As we step into a new year, many of us make resolutions about what we want to achieve or change. But what if this year’s resolution was less about doing more and more about being steeped in the grace that comes from delving into our personal relationship with God? The beauty of the new year lies not just in fresh starts, but in deepening our daily communion with the One who loves us beyond all understanding.
The Daily Examen: A Mirror for the Soul
St. Ignatius of Loyola, the 16th-century Spanish priest and founder of the Jesuits, left us with a remarkable gift: the Daily Examen. This simple yet profound practice invites us to review our day with God in five movements:
Presence – Acknowledge God’s presence and ask for light to see clearly.
Gratitude – Review the day with thanksgiving, noting moments where you felt God’s presence and peace.
Examination – Look honestly at moments of desolation, where you felt distant from God or acted contrary to love.
Forgiveness – Ask forgiveness for your failures and seek healing.
Hope – Look toward tomorrow with trust, asking God for grace to live more fully in God’s love.
What makes the Examen so powerful is its daily rhythm. It’s not an annual moral inventory or an occasional spiritual checkup. It’s a nightly conversation with God about the shape of our choices and the direction of our hearts. In just a few minutes, this daily routine crowds out the noise of the world, opening up space to commune with God, ready for both blessings and inspiration.

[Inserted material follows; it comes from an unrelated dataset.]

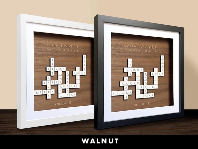 Share the gift of personalized memories with a Scrabble family names frame—a perfect Christmas gift, a keepsake for grandparents’ birthdays, or a unique family tree display that honors your heritage. Each custom letter tile adds a personal touch, making this frame a meaningful and heartwarming present that symbolizes the bond and connection within your family. Preserve your family’s legacy with this special and sentimental keepsake.
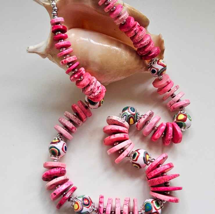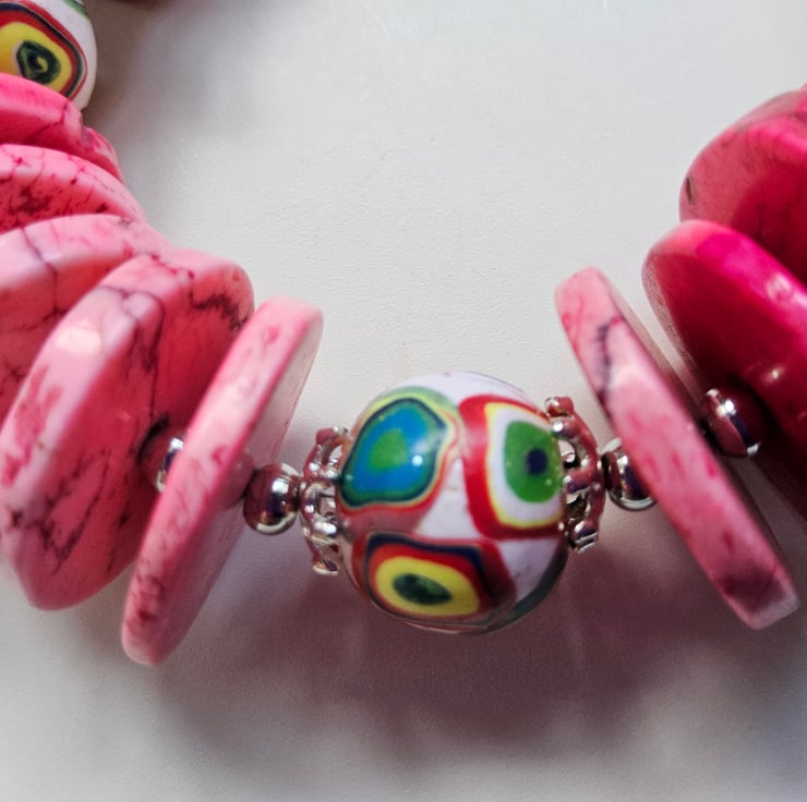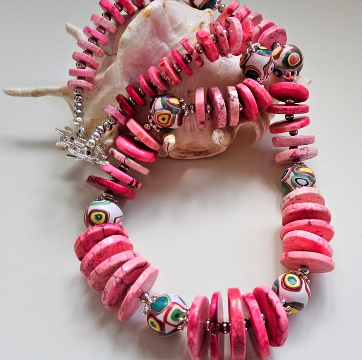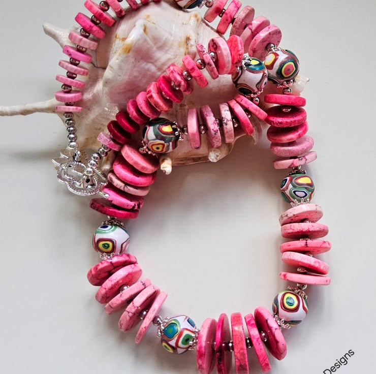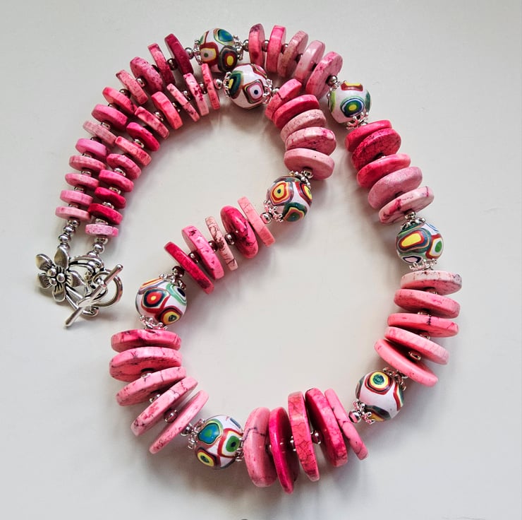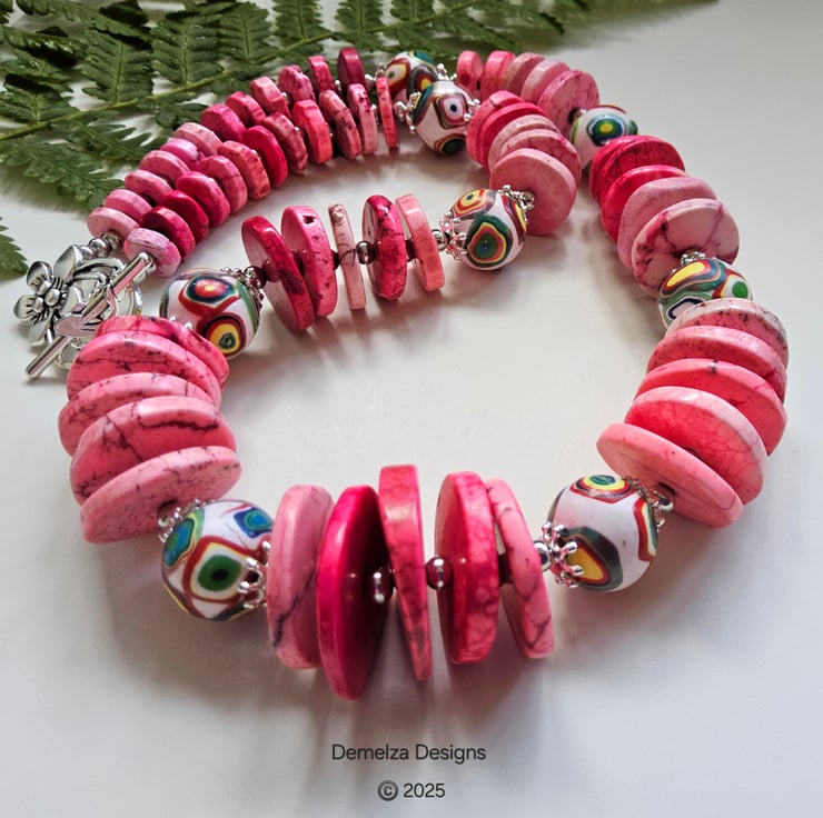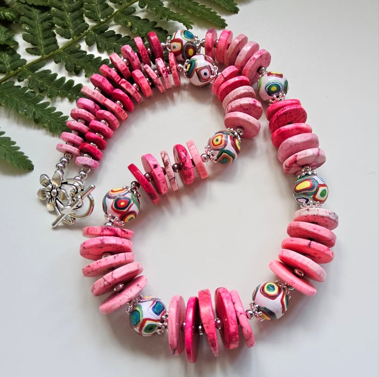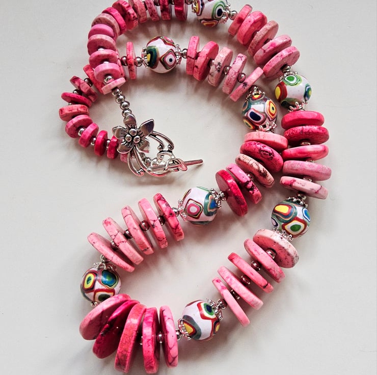 This statement howelite necklace has graduated irregular shape round gemstones complimented with my own hand made polymer clay beads. Between each gemstone is a siver plate spacer bead and between each polymer clay beads are decorative spacer bead caps. The necklace has been constructed using professional stainless steel jewellers wire for added strength and durability and finished off with a quality silver plated flower design toggle style clasp. All components are guaranteed nickel free by my findings supplier, thus no nasty possible skin reactions!

The Tenth Step: Continuing to Take Inventory
Alcoholics Anonymous offers a similar wisdom in its Tenth Step: “Continued to take personal inventory and when we were wrong promptly admitted it.” While rooted in the recovery community, this practice echoes the Examen’s spirit. It calls for ongoing self-examination throughout the day and at day’s end, an honest accounting of our actions, attitudes, and impacts on others. The goal is clear: to keep ourselves in fit spiritual condition. The Tenth Step reminds us that spiritual growth isn’t a destination but a daily discipline. We review our resentments, fears, and harms caused to others, seeking forgiveness where needed and acknowledging works well done. We recognize our mistakes without dwelling in shame, and we make amends where needed. This daily practice focuses on humility, honesty, and the awareness that transformation happens in the mundane moments of ordinary days.
Morning Offering: Emptying to Be Filled
Many Christian traditions also practice a morning surrender, often called the Morning Offering. Before the day’s demands rush in, we take a few quiet moments to empty ourselves of our own agendas and invite God to direct our steps. This ancient practice asks a simple question: “Lord, what do You want to do through me today?”
We offer God our works, our joys, our struggles, even our sufferings, asking that they be used for God’s purposes. We acknowledge our poverty of spirit and our need for divine guidance. In the Ignatian tradition, this might sound like: “Take, Lord, and receive all my liberty, my memory, my understanding, and my entire will. Give me only Your love and Your grace; that is enough for me.” Whether we use formal prayers or our own words, the essence remains: we start the day by getting out of our own way and making space for God to lead.
A Resolution Toward Your Higher Self
These practices—the evening Examen, the ongoing inventory, and the morning surrender—form bookends around our days. They create a rhythm of awareness that gradually transforms how we live the hours in between. We become more conscious of God’s presence in ordinary moments. We notice more quickly when we’ve veered off course. We learn to distinguish between the voices that lead us toward love and those that lead us astray.
This year, perhaps our resolution could be this simple daily pattern: Begin each morning by emptying ourselves and asking God to direct our day. Walk through the hours with growing awareness. End each evening by reviewing the day with God, offering gratitude, seeking forgiveness, and looking ahead with hope.
In these small, faith practices, we journey toward our higher self, not the self we construct through achievement or appearance, but the self God created us to be. This is the person we glimpse in moments of genuine love, selfless service, and quiet prayer. Through daily review and surrender, we shed the false layers that obscure our true identity and step more fully into the image of God within us. Our higher self is not something we manufacture through willpower; it’s something we uncover through attentiveness, honesty, and grace. Give yourself the opportunity to delve into the grace that is always available: not becoming someone new, but becoming more fully who we already are in God.